Privacy and data protection laws stipulate protections for “personal information,” which is usually defined as information that could readily identify an individual. This has given rise to various attempts to define “identifying information,” when in fact there is no clear division between types of information that can and cannot identify individuals. Identity has frequently been conceptualized as a spectrum ranging from unique identifiers such as names and government identification numbers, to anonymous attributes that provide no connection to identity. However, individuals can frequently be identified by unique combinations of attributes that by themselves provide little information about identity. Understanding identity not as a spectrum, but as a set of dimensions, helps to anonymize data more effectively by taking into account all of the combinations of attributes that could identify an individual.
Identifying information is often understood as a spectrum ranging from “verinyms,” which provide certainty of an individual’s identity, to anonymous information which provides absolutely no connection to identity. Most data fall somewhere in the middle of the spectrum, identifying subgroups to which an individual belongs. Individuals can be identified by a single attribute, such as a full postal address, or a combination of attributes: for example, the ages of a person’s children and the school the children attend, combined with an ethnic identifier, may point to one or two individuals.
The goal of anonymization is to reduce the amount of personal information in a dataset to such a point that it no longer poses a significant risk of re-identifying individuals, and can therefore be shared more freely. The key to effective anonymization is the ability to evaluate the risk of re-identification in a dataset and apply changes that reduce this risk to an acceptable threshold. Conceptualizing identity as a set of dimensions helps to evaluate this risk and guide the use of anonymization techniques.
Dimensions of Identity
Data sets containing personal information usually include a variety of personal attributes, such as gender, age, address, transactions, and so on. Some of these attributes are more closely related to each other than others. Grouping data into dimensions provides significant information about re-identification risk. For example, the location dimension includes a number of identifying attributes: mailing address, postal code, electoral district, city, etc. As more attributes belonging to a given dimension are included in a data set, and as those attributes become more specific, the likelihood of identification within that dimension rises.
Some key dimensions included in many data sets are:
- Personal demographics (e.g., gender, age, ethnicity, number of children)
- System transactions (e.g., appointments, billing, service and program participation)
- Medical information (e.g., test results, diagnoses, prescriptions)
- Financial information (e.g., credit card information, bank transactions), etc.

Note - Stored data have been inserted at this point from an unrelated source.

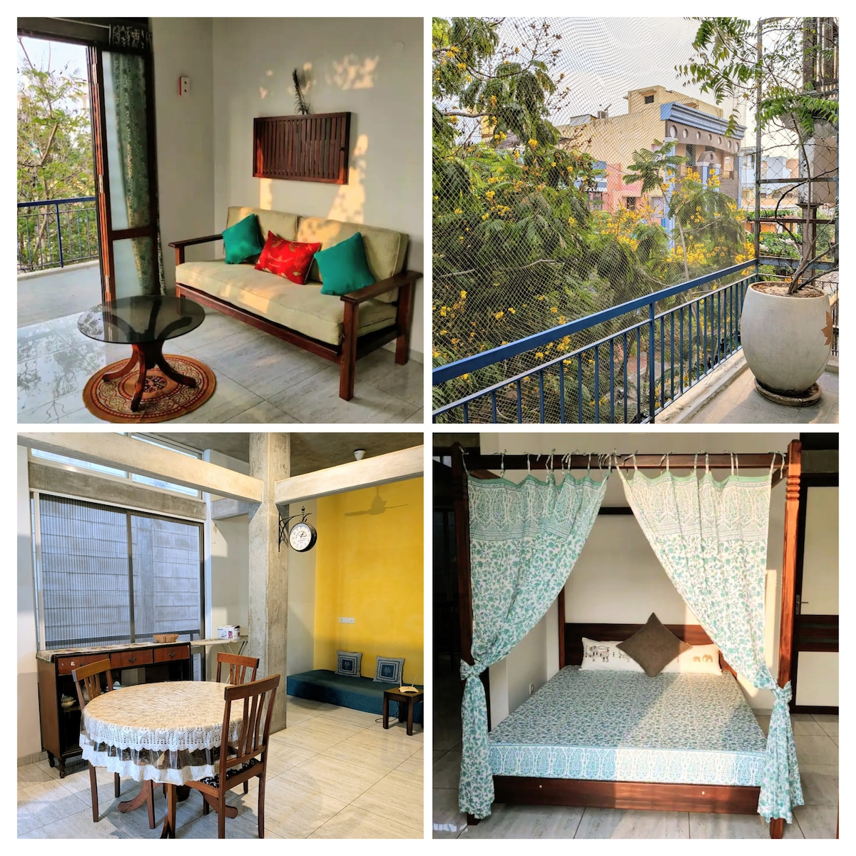 Éternité 2 is a warm and quiet home designed to help you unwind and enjoy quality time with family and friends. With a sea facing balcony for your morning coffees, and large transparent windows to enjoy the evening sea-breeze, our home is your perfect getaway to experience Pondy away from the hustle bustle of big cities. Our apartment is located a few minutes from the famous Ashram, the Promenade beach, and the White town, where you can indulge in French cuisine and architecture.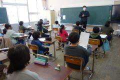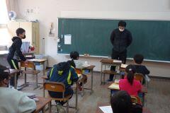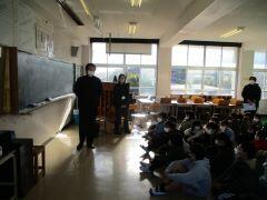 避難訓練に引き続き、上天草警察署の方に授業に入っていただき、警察の仕事について話を聞きました。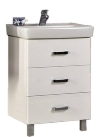 В этой модели уже 3 вместительных ящика и изящные глянцевые опоры. Исполнение на ножках удобно в тех ванных комнатах, где стены недостаточно укреплены и есть сомнение, что они выдержат подвесную мебель.

The risk of releasing data increases with:
- the level of granularity in each of the dimensions, and
- the uniqueness of a certain property.
Sufficient granularity in any dimension can be enough to identify an individual: for example, a full postal address may belong to a single person. Medium to high levels of granularity in several dimensions can also identify an individual: for example, there may be only one individual in a hospital’s database with a particular year of birth, partial postal code, and gender. Along with granularity it is essential to consider the uniqueness of any property or combination of properties included in a dataset. Some postal codes contain twenty households, and others only one. Some medical diagnoses are very common in a particular age bracket, and unusual in others.